_WORK REQUEST_
Would you reproduce, word for word, only the lines running from the top of the data through the line containing "해발 935m의 운악산은", and none of the pictures?

_MATERIAL PROVIDED_
▬▬▬▬▬▬

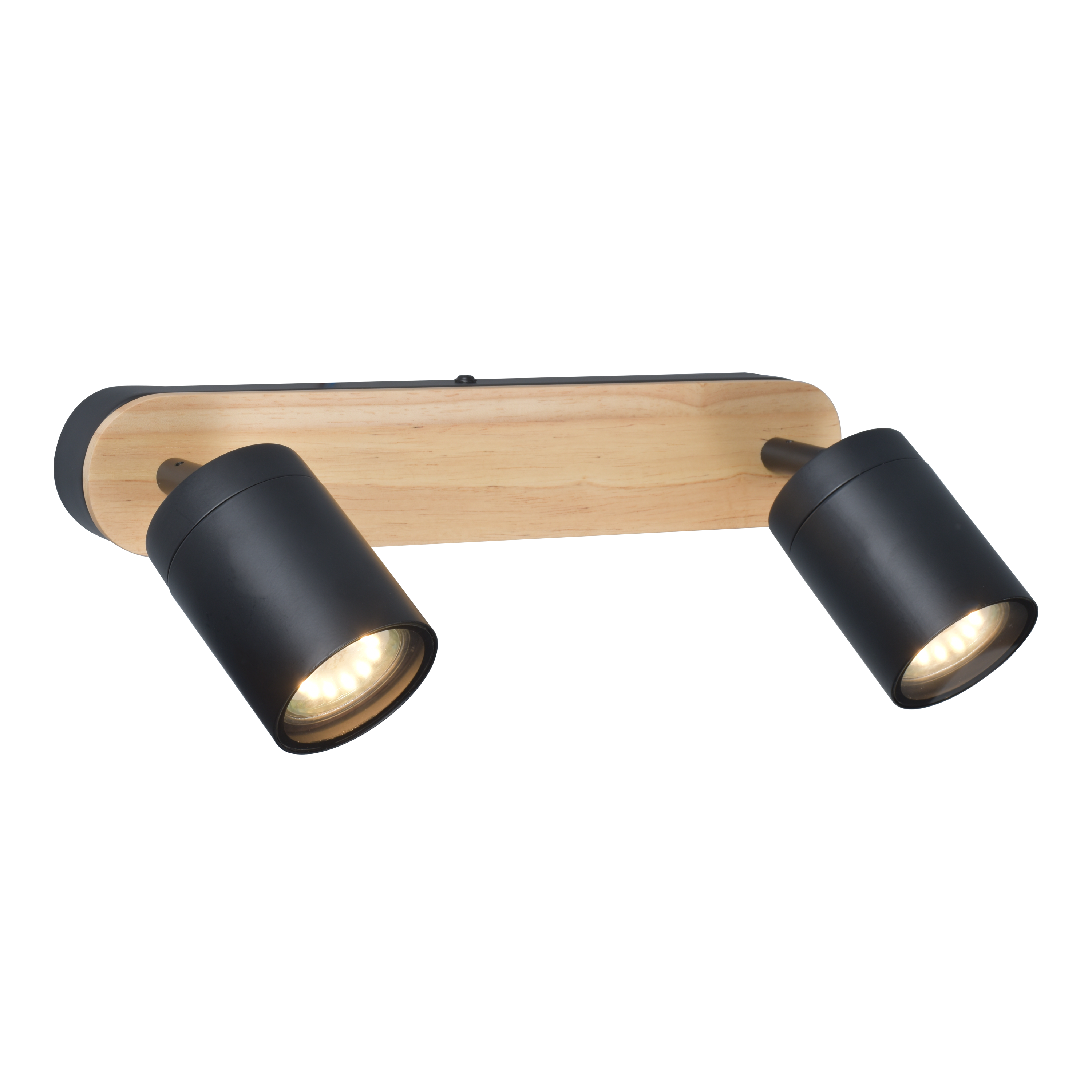 Rampe 2 spots salle de bain Malabe GU10 max 10W, bois / métal noir, INSPIRE
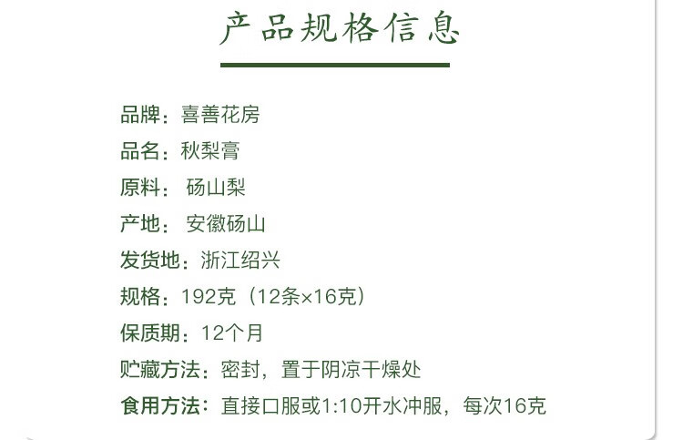 【分仓直发包邮】喜善花房砀山秋梨膏192g/盒(12条)
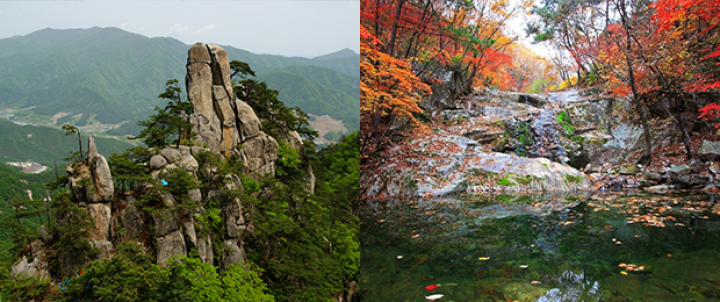 해발 935m의 운악산은 이름 그대로 구름을 뚫은 봉과같이 기암괴석이 절경을 이루고 있으며
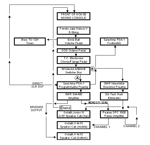 The settings on the Fender Jazz Deluxe V were as follows: master volume up full, pan-pot centered (always), bass boosted about 40%, treble boosted about 20%, midrange boosted just a hair. The Ernie Ball volume pedal was for silent tuning and the infrequent volume swell. The Boss Tuner was standard-issue, and though mostly reliable had problems tracking low 'B' (an annoyance when I had to tune down to A# for Keneally's "Looking For Nina"). My pedalboard was a small, custom-made, Velcro-laden masterpiece by the one and only Thomas Nordegg. The chain went from the Volume pedal into the ancient DOD Octave Pedal, which by 1998 needed the occasional kick to work correctly, but always provided a decent, traditional octave. Then it was into the T.C. Chorus/Flange (a wonderful unit) before splitting at the Whirlwind A/A+B box. The 'A' signal was always on and went straight to the SansAmp PSA-1 Preamp. This may be misleading--I didn't use the PSA-1 as a preamp. I left it in true bypass mode for most of the time, except for when I wanted a slightly overdriven, "Ampeg"-type sound (used in the studio on Keneally's "'Cause of Breakfast"; used live on Keneally's "Performing Miracles", "Looking For Nina", "Weekend" and several others). Switching in and out was done by a small, custom footswitch which was mounted on the NordeggPedalboard. Most importantly, I sent my main direct signal to the board from the back of this unit, which truly was direct unless I had the PSA-1 "Ampeg" setting engaged. (By the way, the "Ampeg" sound I'm referring to was a custom job I programmed myself.) I had no problem with letting the Fender's direct-to-the-house sound carry the day for the majority of the time. I then sent a ¼" output from the back of the PSA-1 to the front of the rack, namely the passive/active input of my trusty old SWR SM-400, made in 1989. (Details on particular settings for this cornerstone of my old rig can be found in the dedicated SM-400 section in this corner of the site.) As I mentioned in the explanation of my current rig, I believe in power amp headroom, and as such I never run my amplifiers at impedances less than 8 ohms. So the SM-400 was bridged mono and then run into one Goliath II 4x10 cabinet (the bottom). At the same time, I ran the Mono Effects Send (a post-everything line out) to Channel 1 of the Peavey DPC1000 stereo power amp, which powered the second Goliath II 4x10 cabinet (the middle). Real simple: the SWR sound powered as loudly and with as much headroom as possible. But then there was the 'B' rig--the overdrive channel. Back at the pedalboard I split the signal into 'A' (everything I just described above) and 'B'. 'A' was always on, and 'B' was something I clicked on as a distorted boost, in effect making my switcher an A/A+B box as mentioned previously. The 'B' signal went from the pedalboard to the input of the SWR Interstellar Overdrive, a full-boat preamp equipped with power amp tubes that I used as a wide-open distortion unit (exact settings are listed in the dedicated Interstellar Overdrive section of this site). The unbalanced out of the Stella (as I called her in shorthand) went through the Eb-Tech Hum Eliminator, a unit I picked up specifically because of ground problems between the Stella and the Peavey DPC1000. Anyway, after the hum was eliminated, the signal went into Channel 2 of the DPC1000, which powered an SWR Goliath Junior III 2x10 cabinet that sat on top of the other two 4x10's, making my rig nearly as tall as Manute Bol. This 2x10 cabinet (with the tweeter totally cut) was miked, as the Stella's overdriven signal at the XLR output wasn't the way to go. But the sound that came out of the cabinet was ungodly, quite simply the best bass distortion I'd ever heard. And I made sure it was nice and loud when I kicked it on, but that didn't stop soundmen around the country from never mixing that channel as loud as it should have been. I can't tell you how many times I emphasized the point--"it's a boost channel, it's supposed to get louder when I kick it on"--but for one reason or another, whenever I listened back to audience recordings, it ended up sounding like some additional "edge" as opposed to flat-out grinding distortion like it sounded to me onstage. Every once in a while I heard it on a bootleg tape the way it should have been mixed everywhere, but usually it just didn't happen. (Note to self: clone self, train Beller II to become front-of-house engineer.) So I tried not to obsess over it, but after the twin 1998 tours I kept my eyes open for other alternatives. Then along the SWR Mo' Bass, which changed everything.

▬▬▬▬▬▬

_TASK SOLUTION_
 Rampe 2 spots salle de bain Malabe GU10 max 10W, bois / métal noir, INSPIRE
 【分仓直发包邮】喜善花房砀山秋梨膏192g/盒(12条)
 해발 935m의 운악산은 이름 그대로 구름을 뚫은 봉과같이 기암괴석이 절경을 이루고 있으며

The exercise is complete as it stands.